2005 Clos des Papes white – stony, bright, very fresh, with lots of mineral. Seems clean cut, but it’s really deep and long on the finish. 94 points (consistent with my official review).

2004 Clos des Papes white – Slightly plumper than the ’05, with a hint of anise, but still very floral and minerally on the finish. Lovely mouthfeel. Showing a little better than when I tasted it officially. 91 points.

2003 Clos des Papes white – really ripe, shows the heat of the vintage (but not acidified, stresses Vincent Avril), with citrus and peach flavors followed by melon and pineapple preserve. Long, creamy finish. 93 points.

2001 Clos des Papes white – Gorgeous acacia, lime and star fruit aromas and flavors. Very open and expressive. Long, creamy finish has a great stony persistence. A real eye-opener. 94 points.

2000 Clos des Papes white – fat and forward, with lime and melon, hint of nectarine, cherry pit. Soft, but pretty finish. 91 points.

1998 Clos des Papes white – mature, with notes of kiwi, lychee, lime and honey. Creamy and long – very Meursault-like, with acacia flower and stony notes adding definition to the finish.
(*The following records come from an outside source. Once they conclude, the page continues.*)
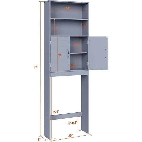 25 in. W x 77 in. H x 8 in. D Wood Rectangular Shelf in Grey
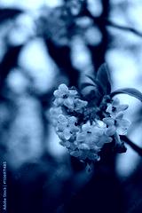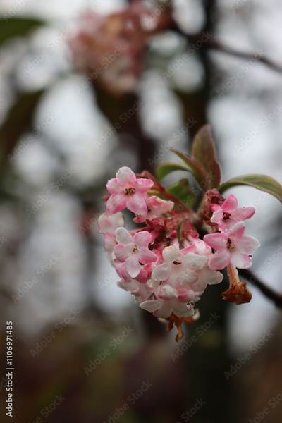“Dawn” viburnum with pink flowers and green leaves covered by frost. Viburnum bodnantense on winter
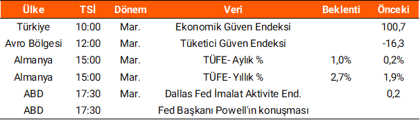 Cuma günü yurt içi ve yurt dışı veri akışı oldukça sakindi. ABD’de açıklanan Michigan tüketici beklenti endeksi mart ayında 53,3 ile beklentilerin altında gerçekleşti. Bugünün veri ajandasına baktığımızda, Avro Bölgesi’nde tüketici güven endeksi izlenirken, Almanya’da TÜFE verileri açıklanacak. Yurt içinde ise bugün ekonomik güven endeksi verisi takip edilecek.
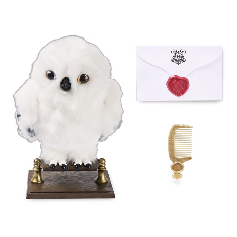 Wizarding World 9-inch. Enchanting Hedwig (12-inch on her included perch) is a great gift for kids. She also includes a comb for her beautiful feathers and 3 AA Duracell batteries.
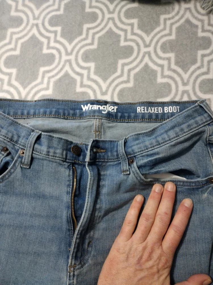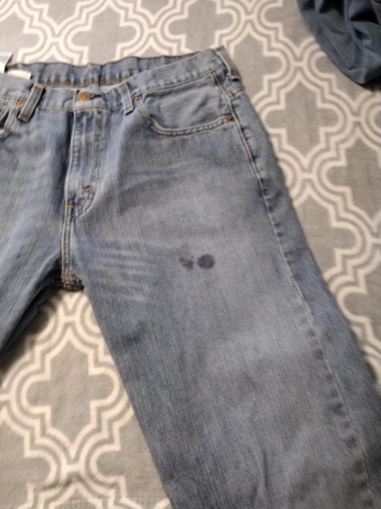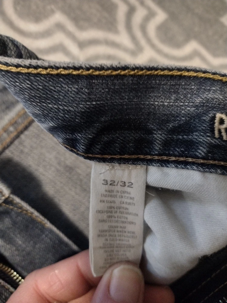 Wrangler Relaxed Fit Boot Cut 32 x 32 American Eagle Relaxed Fit 32 x 32 Levi Strauss 569 32 x 34 Pair has ink stain on outer leg. See pics
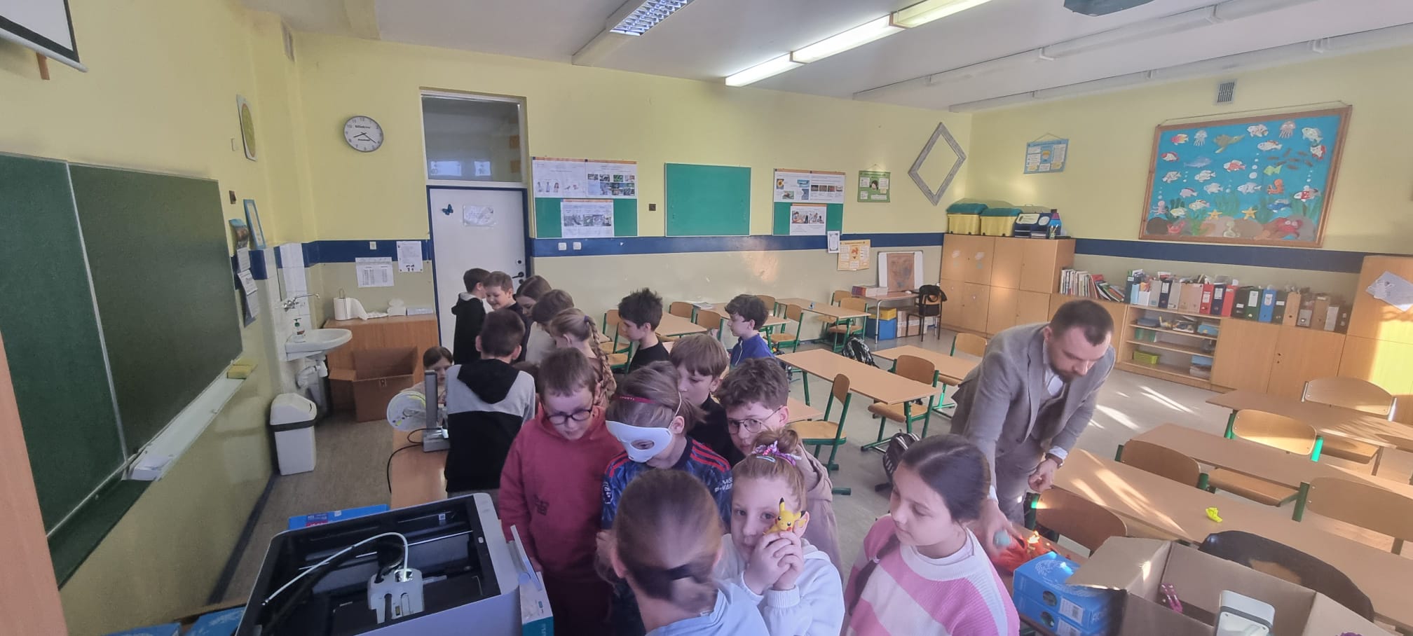 Dzieci z ogromnym zainteresowaniem obserwowały pracę drukarki 3D i mogły zobaczyć, jak krok po kroku powstają przedmioty. Zobaczyły także gotowe wydruki – w tym ciekawe zabawki wykonane przy użyciu tej technologii.
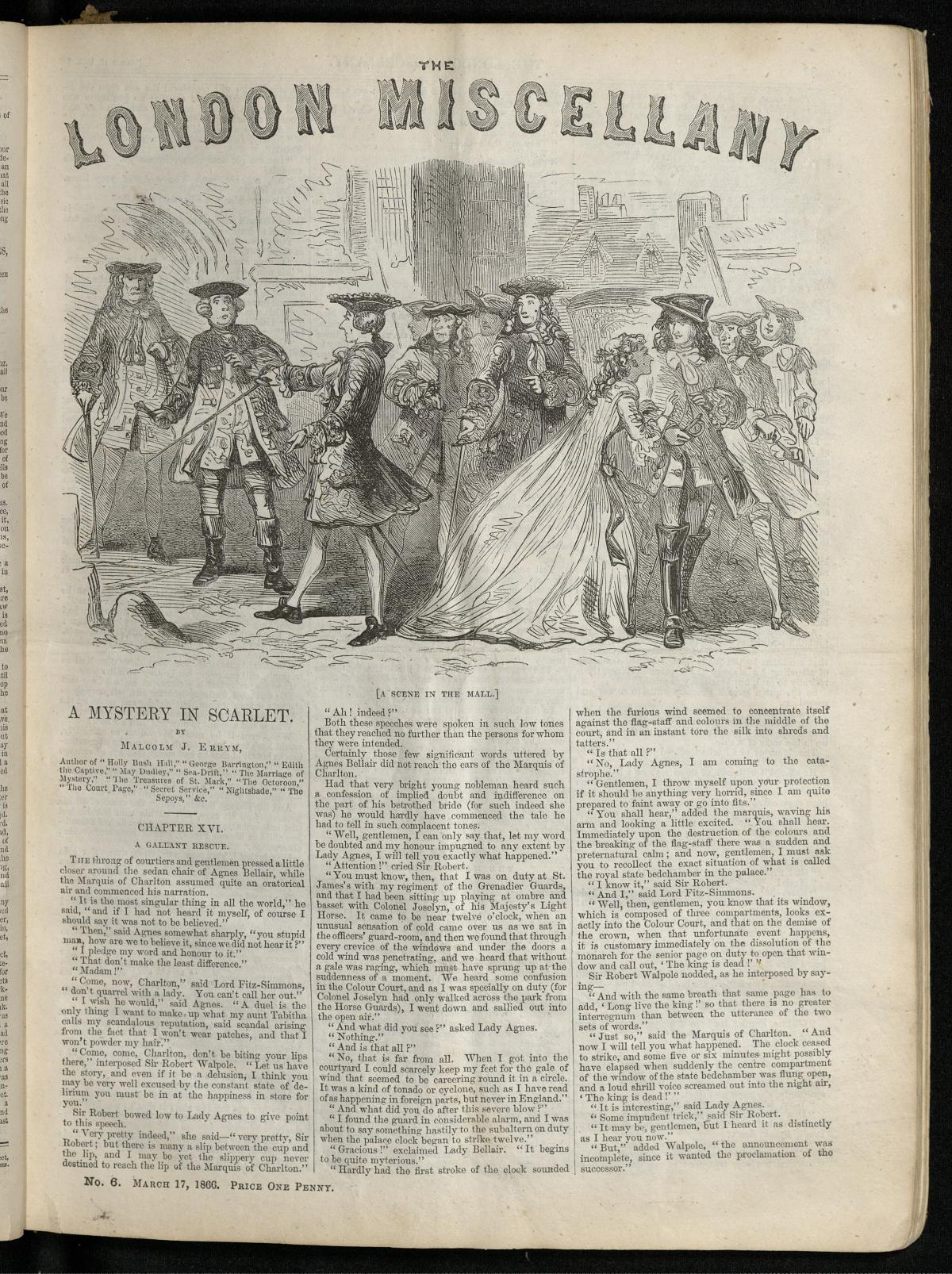 In the Mall, St. James society parades in its finery. At left, the highwayman Frank Bellair opposes his father General Sir Thomas Bellair. At right, Frank's sister Lady Agnes Bellair rebuffs the Marquis of Charlton. From The London Miscellany, no. 6 (17 March, 1866), 81. Wells Library copy. Image courtesy Lilly Library, Indiana University, Bloomington, Indiana.

1996 Clos des Papes white – Starting to smell like a mature Riesling, with dried pineapple, acacia, petrol, lemon zest and mineral notes all buried in a fat, creamy texture. Long finish. 92 points.

1993 Clos des Papes white – This keeps the freshness with its minerality, but starts to show more persimmon, chamomile, lemon verbena and sweetened butter notes. Plenty vibrant on the finish. 93 points.
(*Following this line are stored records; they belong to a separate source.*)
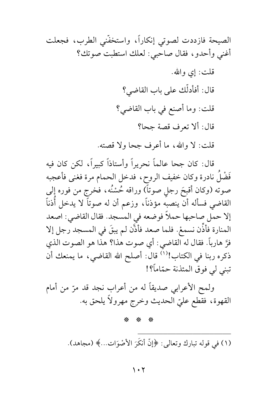قال: كان جحا عالماً نحريراً وأستاذاً كبيراً، لكن كان فيه فَضْلُ نادرة وكان خفيف الروح، فدخل الحمام مرة فغنى فأعجبه صوته (وكان أقبحَ رجلٍ صوتاً) وراقه حُسْنُه، فخرج من فوره إلى القاضي فسأله أن ينصبه مؤذناً، وزعم أن له صوتاً لا يدخل أُذناً إلا حمل صاحبها حملاً فوضعه في المسجد. فقال القاضي: اصعد المنارة فأذِّن نسمعْ. فلما صعد فأذَّن لم يبقَ في المسجد رجل إلا فرَّ هارباً. فقال له القاضي: أي صوت هذا؟ هذا هو الصوت الذي ذكره ربنا في الكتاب! (¬1) قال: أصلح الله القاضي، ما يمنعك أن تبني لي فوق المئذنة حمّاماً؟!
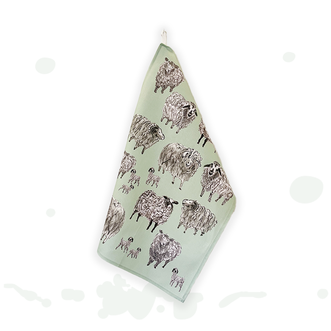 A soft, absorbent cotton tea towel featuring a design created of Sheeps and Rams from our own drawings (zero stock libraries, zero generative AI) — easy to gift and simple to merchandise with matching aprons/cards.
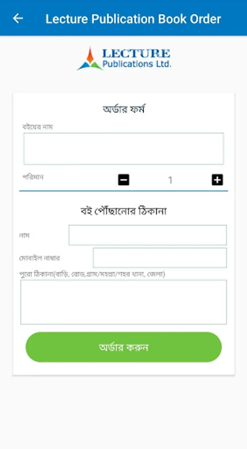 Lecture Books App gives you an easy access to "Lecture Books order service" from your android mobile phone. You can track your books once ordered. We always offer fair price. To buy books, select your education system, select class, select group, select books, provide delivery details & it’s done.
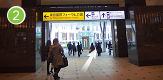 三つの出口のうち一番左側の「東京国際フォーラム方面」から外にでます。

1990 Clos des Papes white – this cuvée was the only one that ever saw any wood, as Vincent Avril made one barrel to see its effect, but never released it commercially. Lots of petrol, butter, melon, pineapple and kiwi, with a buttery feel to the finish. Shows good acidity and range, but is very old Riesling-like. 89 points. I much prefer the non-oaked version.

1990 Clos des Papes white – this is the normal vinification version, which was commercially released. Much fresher and livelier, with acacia, orange blossom, quince, cherry pit, lemon verbena and mineral notes. Long finish just caresses the palate effortlessly, and sails on with fruit and mineral notes. 95 points.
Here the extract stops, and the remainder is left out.